Hello,
I hope I can get a bit of advice regarding database design. I’m a complete amateur at this, but being the only one with some skills, it’s fallen to me to do the implementation. Hopefully I can explain my question in an organized fashion:
Information to track
There are five (though there will soon be more) surveys. Each survey has some slight variation. In short, the survey questions can be divided into three categories:
[ul]
[li] Biographical information (name, address, etc.)[/li][li]Survey questions (e.g. “do you like filling out surveys?”, and “do you own any pets?”)[/li][li]Item checkboxes (e.g. "Which of the following pets do you own Cat__ Dog__ Llama __ Platypus __)[/li][/ul]
The biographical information fields will never change and are identical across surveys.
The survey questions may change in the future, but right now half are all identical across all surveys and half vary between surveys, though there is some overlap.
The item checkboxes will definitely change over time. There is some overlap between surveys (i.e. “cat” appears on all surveys at the moment, but some have “cat” and “dog” while others have “cat” and “llama”).
How it’s set up now
There is a main table to collect the common biographical information, and a sub-table for each individual survey.
[ul]
[li]tbl_main has all biographical fields and all questions that are identical on all surveys[/li][li]tbl_survey1 … 2 … 3 … N have fields for those questions that vary and for the checkboxes of the respective survey. There is also a foreign key that relates the record to tbl_main. [/li][/ul]
This seems somehow inelegant, but I’m not quite proficient enough to say why. It feels wrong to have several fields repeating across sub-tables. What if I want a query that, for example, pulls all people in California who don’t like surveys and have cats or llamas? I think the problems with that are somewhat self evident: I’d need to know/remember the fields of all tables in order to know which to include in the query.
But I’m not sure what the best way to redesign the structure would be (hence, why I’m posting here).
I’m leaning towards just two tables: One table with the unchanging, permanent biographical information in it. Then a second table with a field for each question, regardless of whether the question repeats across surveys. However… wouldn’t doing it this way mean that over time, the second table will grow and grow and grow in the number of fields?

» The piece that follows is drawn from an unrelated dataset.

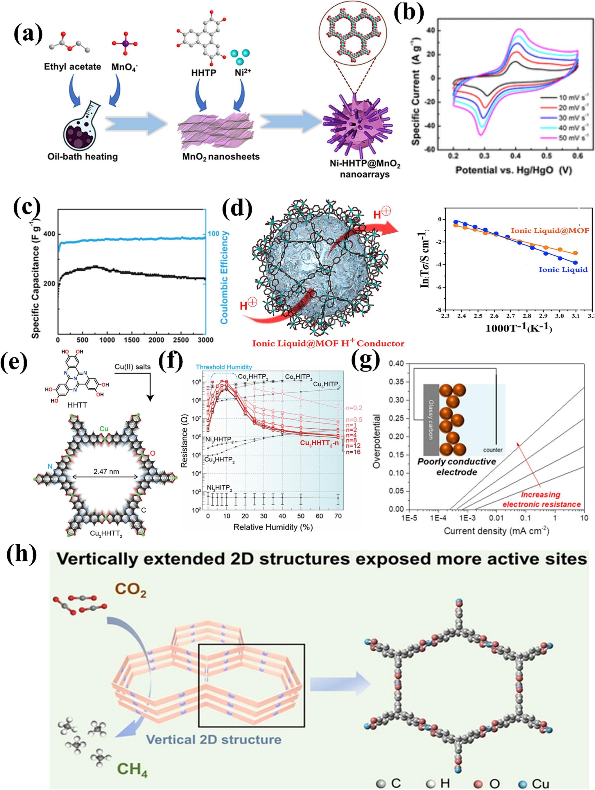 凭借高导电性和结构优势,C-MOFs在电化学领域展现出广泛应用。在超级电容器中,它们直接作为电极材料,其多孔结构利于离子快速传输,共轭骨架确保电子传导,并通过与赝电容材料复合或调控质子传导进一步提升容量与倍率性能。在燃料电池中,C-MOFs作为质子交换膜材料,通过其有序孔道和可设计的氢键网络实现高效质子传输,引入离子液体或进行碳化处理可显著提升其导电率与电池功率密度。在电化学传感器领域,C-MOFs的高孔隙率和导电性使其能直接作为敏感界面,充分暴露活性位点,实现对目标物的高灵敏、高选择性检测,其传导机制变化(如湿度引起的离子-电子传导转换)可直接转化为传感信号。在电催化方面,高导电性确保了电子向活性位点的快速传递,通过调控金属中心和配体可优化电子结构,降低析氧反应、二氧化碳还原反应等的过电位,构建特殊形貌(如垂直结构、空心纳米盒)还能增加活性位点暴露。

Or should each question get its own table? That is, a tbl_cats with the only field being the primary key of tbl_main to relate it to a responder. Each one-field table would get populated by a responder-ID. However… wouldn’t that mean I’ll eventually end up with hundreds of tables? Some complicated queries might be a bit, well, extra complicated, no?
So… are any of the above methods the “proper” way to design this structure? Is there another, better way I should go about this?
Oh, if it makes a difference, this database is built with PHP and MYSQL, interacting through the web.
Thanks for any help you may have—even if it’s just an encouraging word!
Rhythm